Después de un largo tira y afloje (virtual, por supuesto), me había estrellado con dos circunstancias desalentadoras: una, que las opciones legales habían prescrito por la cantidad de años transcurridos desde la publicación hasta la primera reclamación a la editorial; la otra, que cualquier proceso debía llevarlo a cabo en territorio español. Escenario inviable. Consulté con algunos abogados expertos en derechos de autor y, por recomendación suya, en septiembre de 2007 (un año más tarde de mi infortunado descubrimiento) inicié un primer proceso de reclamación e indemnización por intermedio de un abogado en Colombia, cuyo primer resultado fue que, mediante una comunicación del abogado representante de Anagrama, la editorial aceptaba que se trataba de mi traducción y que pagarían lo que valdría esta en 1999, más un ajuste. Como el documento no contemplaba una respuesta justa a mis reclamaciones como propietario de la traducción, enviamos una nueva reclamación que, en esencia y en palabras del abogado, solicitaba una respuesta a “la infracción a la propiedad intelectual y los perjuicios económicos derivados de la misma, al reproducir y distribuir comercialmente sin su autorización la traducción de su autoría citada en referencia, así como al utilizar su nombre sin su autorización dentro de la edición publicada por Editorial Anagrama S.A. … que además es la única edición aún presente en el mercado, tanto de América Latina como en España… Igual o mayor gravedad aún reviste el hecho de haberse incluido el nombre de Julio Paredes como traductor del libro, y luego haber sido tapado con una tirilla de papel, pretendiendo atribuirle la autoría de dicha traducción a un tercero distinto del autor verdadero…”.

Para esa época, y por giros también de la casualidad, yo había coincidido con el director de la editorial en varios eventos culturales y editoriales en Bogotá y en un escenario aún más imprevisto en el Instituto Cervantes de Berlín, en junio de 2007, donde compartiríamos una agenda casi simultánea. Por razones que hoy en día no comprendo del todo, a pesar de tenerlo a unos pasos, evité cualquier acercamiento para mencionar el tema. Supongo que sería una situación “violenta”, como dicen en España, que llevaría a un vértice desfavorable para mis futuros y posibles intereses de reclamación. Además, había enviado con anterioridad otras cartas solicitándole un encuentro, pero, como siempre, estas quedaron sin respuesta.
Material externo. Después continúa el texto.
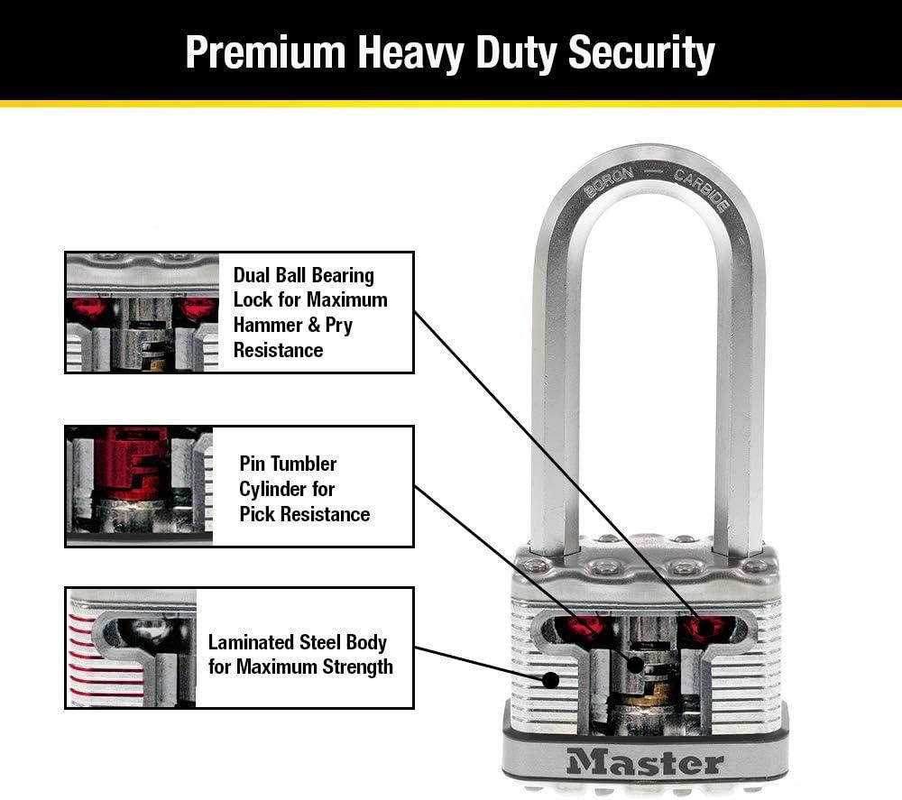 The Master Lock Magnum M5XTLJ Heavy Duty Stainless Steel Padlock with Key features a 2 in. (51 mm) wide laminated steel body for maximum strength and reliability, and is surrounded by stainless steel and zinc outer components for weather resistance. The 3/8 in. (10 mm) diameter octagonal shackle is 2-1/2 in. (64 mm) long and made of Tough-Cut boron-carbide, 50% harder than hardened steel, offering maximum resistance to cutting and sawing. The 4-pin cylinder prevents picking and the dual locking ball bearings provide maximum resistance against prying and hammering. The Lifetime Guarantee provides peace of mind from a brand you know and can trust.
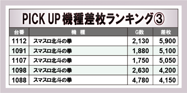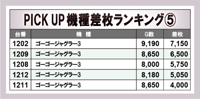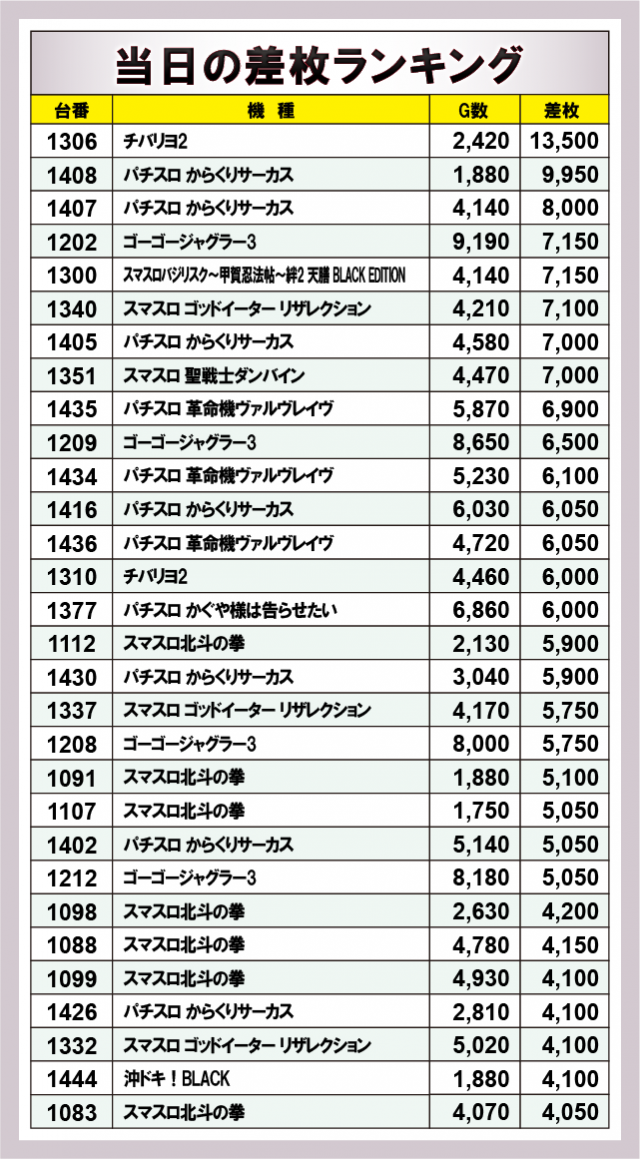 ※差枚数順に掲載しています。
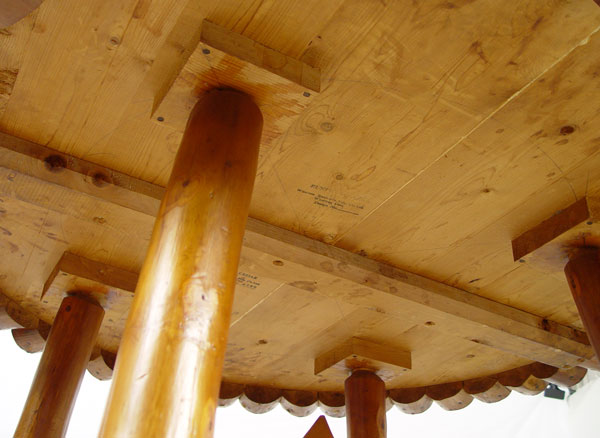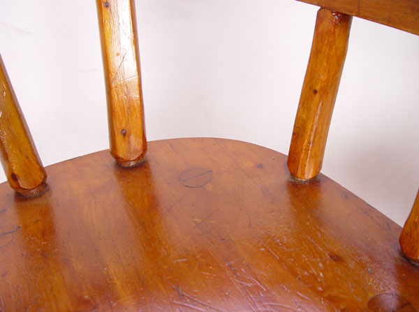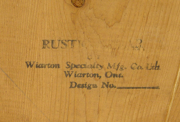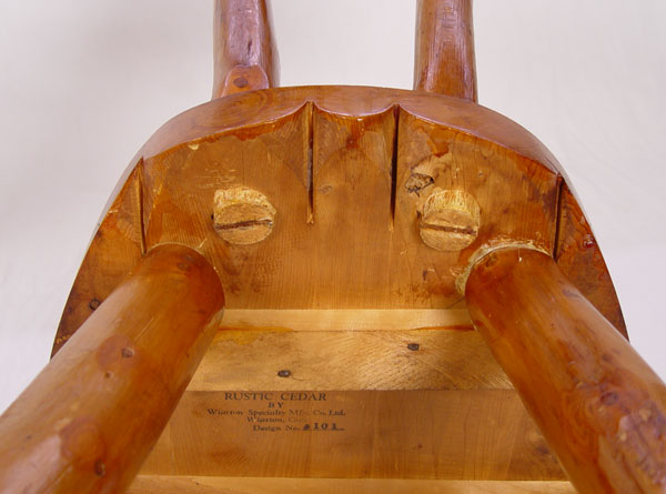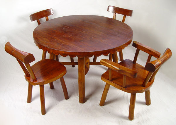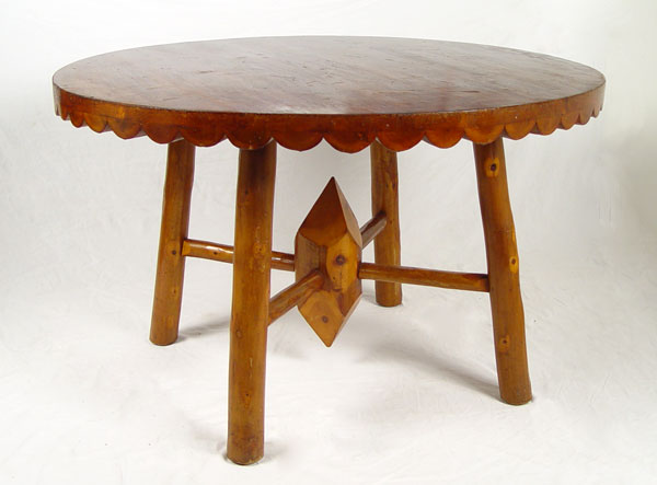 RUSTIC CEDAR TABLE & 4 CHAIRS: By Wiarton Specialty Mfg. Co., Ontario. Debarked and varnished handmade quality. Round table with splayed legs stretcher base and scalloped apron. One arm chair, 3 side chairs. Table 30'' h x 48'' dia. Arm chair 30 1/2'' high x 24 1/2'' x 22''.
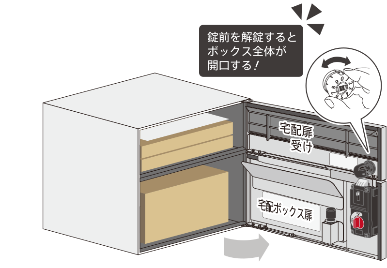居住者はダイヤル錠をまわすだけで郵便物と配達物を
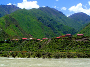 2007年7月31日清晨,记者一行抵达拉萨后的第二天,没有在拉萨市内游览,而是首先安排前往被誉为西藏江南的林芝地区观光。记者所在的团队乘旅游大巴驶离拉萨向林芝方向进发。上午九点四十分,首先抵达藏王松赞干布的出生地做短暂休整。

En mi regreso de Berlín aproveché la oportunidad para hacer escala en Barcelona y visitar la editorial. Llevaba desde Bogotá, por supuesto, los ejemplares marcados de las dos versiones, prueba irrefutable de que se trataba de algo más que un simple malentendido o un “desliz” técnico en la diagramación del libro. A pesar de un testimonio visual, la editorial aún seguía manteniéndose en la veracidad de una traducción propia y no mi versión maquillada. Para ese momento yo había terminado la traducción de una extensa biografía de Primo Levi escrita por Ian Thomson, publicada por la editorial Belacqua en Barcelona. En ese caso, la editora me había enviado una carta donde establecía que la versión pasaría por una revisión de algunos de los modismos y de los términos para “adecuar” el texto a los lectores peninsulares. Caí en cuenta entonces de que la versión de Anagrama parecía, en efecto, un texto que hubiera sido revisado para cumplir con esta misma expectativa, pues, de hecho, muchos de los párrafos en la versión de Anagrama no coincidían de manera literal con los de Norma.

Finalmente, en febrero de 2008, y en vista de que no había manera de encontrar un acuerdo justo y que se correspondiera a mis derechos de autor, tomé la decisión de escribir a la agencia dueña de los derechos de traducción de las obras de Oliver Sacks. En una respuesta un tanto melancólica aunque casi inmediata, la agencia contestó que no podían hacer nada al respecto, pero que mencionarían el asunto a la editorial. Como una especie de detonante en negativo, una implosión, el abogado de Anagrama pidió ponerse en contacto conmigo por teléfono. Así, en noviembre de 2008 me llamó y, palabras más, palabras menos, me comunicaba que el director estaba muy molesto por lo que había sucedido con la agencia de Oliver Sacks, que cerraba todo contacto y posible arreglo (si acaso me reconocerían dos mil euros) y que, si aceptaba, debía firmar un papel comprometiéndome a no hablar del caso. Como la sugerencia me sonaba a una mezcla entre amenaza y burla, le solicité al abogado que me enviara esta “propuesta” por escrito para estudiarla con calma. No recuerdo si me contestó algo en ese momento, pero, obviamente el documento nunca llegó y, claro, de esta conversación telefónica no quedó ningún registro.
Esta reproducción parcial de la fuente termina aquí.